If you have attributes that shouldn’t affect the cache (e.g., a logger reference), prefix them with an underscore:
class MyFeature(Feature):
def __init__(self, window=20, market=None):
super().__init__(market=market)
self.window = window
self._logger = logging.getLogger(__name__) # underscore = excluded from key
Validation
Validate parameters in __init__:
def __init__(self, window=20, market=None):
super().__init__(market=market)
if window < 2:
raise ValueError(f"window must be >= 2, got {window}")
if window > 10_000:
raise ValueError(f"window too large: {window}")
self.window = window
Failing at construction catches bugs at the top of the backtest rather than deep in a loop.
NaN handling
Return NaN when:
- History is shorter than your lookback window
- A computation would divide by zero
- Any mathematical error occurs
The FeatureStore catches exceptions from compute() and returns NaN automatically, so you don’t strictly need to wrap in try/except, but explicit returns are clearer.
Performance notes
- Use
history.last_n_prices(n)/last_n_returns(n): they’re O(1) slices, not O(history length) operations - Don’t walk the full history unless necessary: only request what your window needs
- Avoid dict lookups in hot loops: cache dict values in local variables before looping
- Numpy is available but optional: for heavy matrix operations, import numpy and use it; the store doesn’t care
Cross-referencing other features
Sometimes a feature depends on another feature’s output. The cleanest pattern is to declare both features in your strategy and compose them in evaluate():
class MyStrategy(Strategy):
features = {
"z": Zscore(window=20),
"vol": RealizedVol(window=60),
}
def evaluate(self, f, universe):
# Combine the two features here, not in a single feature
return [
Signal.increase(m, edge_bps=40)
for m in universe
if f.z[m.id] < -2 and f.vol[m.id] < 0.25
]
This is cleaner than building a ZscoreWhileVolLow feature.
Tests
Every custom feature should have a unit test with hand-calculated expected values:
# tests/test_my_feature.py
import pytest
from horizon.features.base import FeatureStore
from horizon.context import FeedData
from my_features import MaxDrawdown
def test_drawdown_captures_peak_to_trough():
store = FeatureStore()
# 100 → 120 → 90
for p in [100, 110, 120, 110, 100, 90]:
store.update_feeds({"T": FeedData(market_id="T", price=p)})

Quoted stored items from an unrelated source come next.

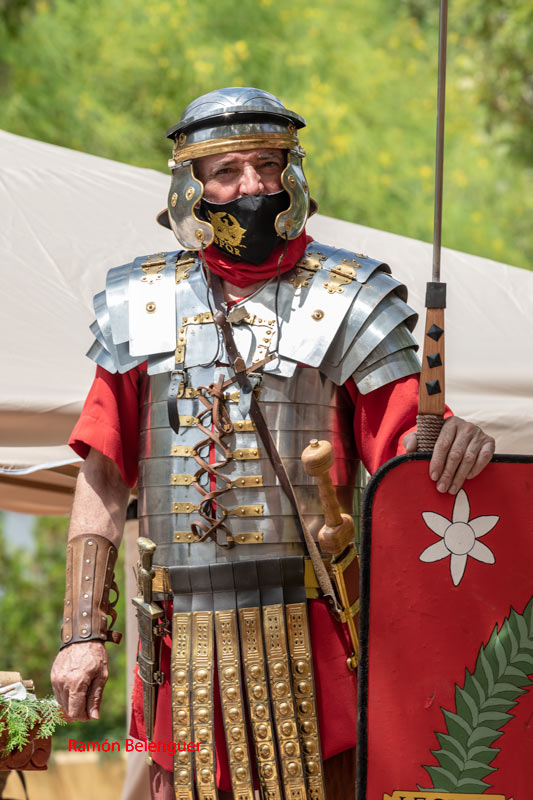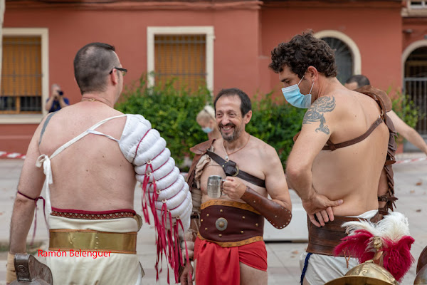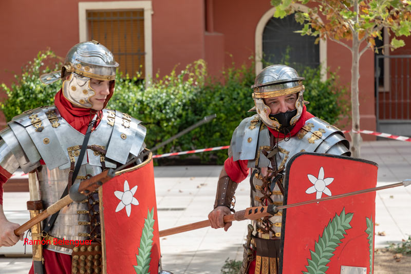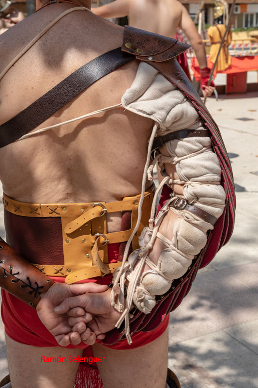 Samnitas: iban equipados como los guerreros del pueblo del mismo nombre. Llevaban un escudo oblongo, casco con visera y plumas, una greba en la pierna izquierda y una placa de metal o cuero que cubría el hombro y parte del brazo derecho. Como arma portaban una espada corta.
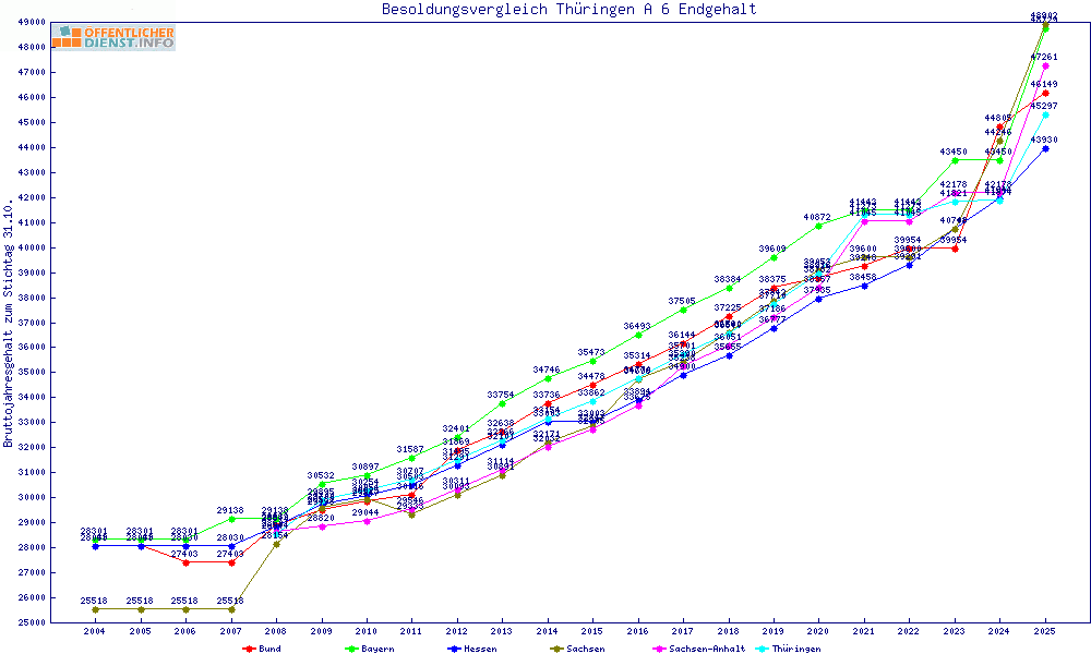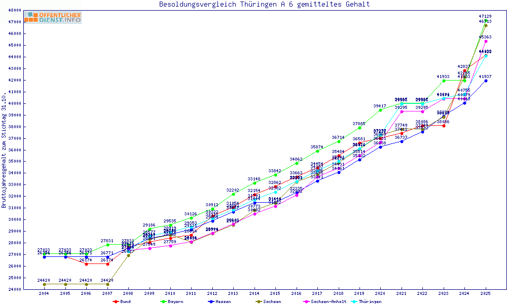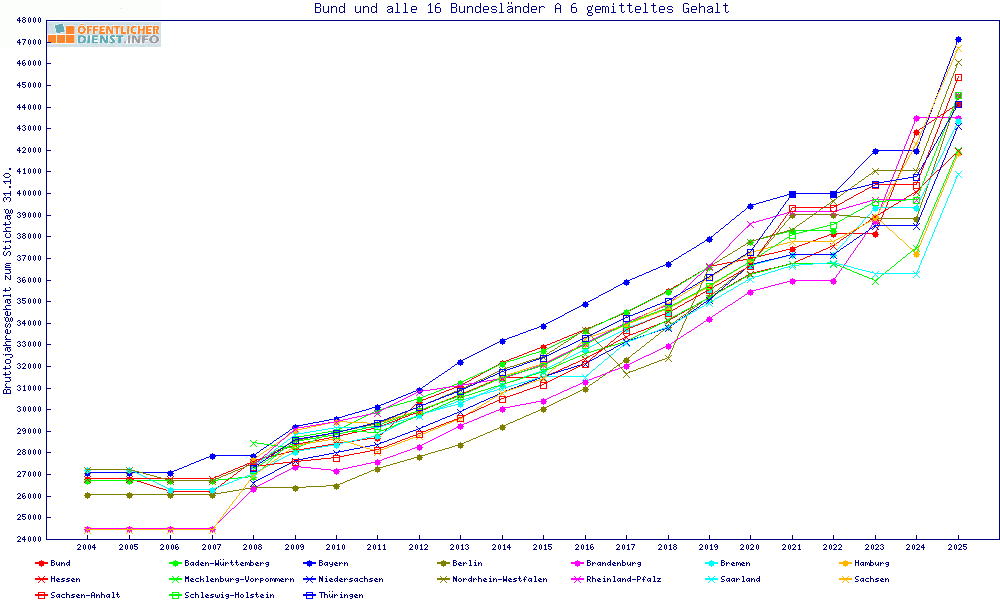 | Besoldungsvergleich A 6 im Jahr 2025 | gemitteltes Gehalt | ||||||
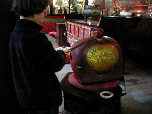 Maggie banging on a gong.

dd = MaxDrawdown(window=6)
ns = store.compute({"dd": dd}, ["T"], {})
assert ns.dd["T"] == pytest.approx(0.25, abs=1e-6) # (120-90)/120
def test_returns_nan_when_insufficient_history():
store = FeatureStore()
for p in [100, 110]:
store.update_feeds({"T": FeedData(market_id="T", price=p)})
dd = MaxDrawdown(window=20)
ns = store.compute({"dd": dd}, ["T"], {})
import math
assert math.isnan(ns.dd["T"])
Run with pytest tests/test_my_feature.py.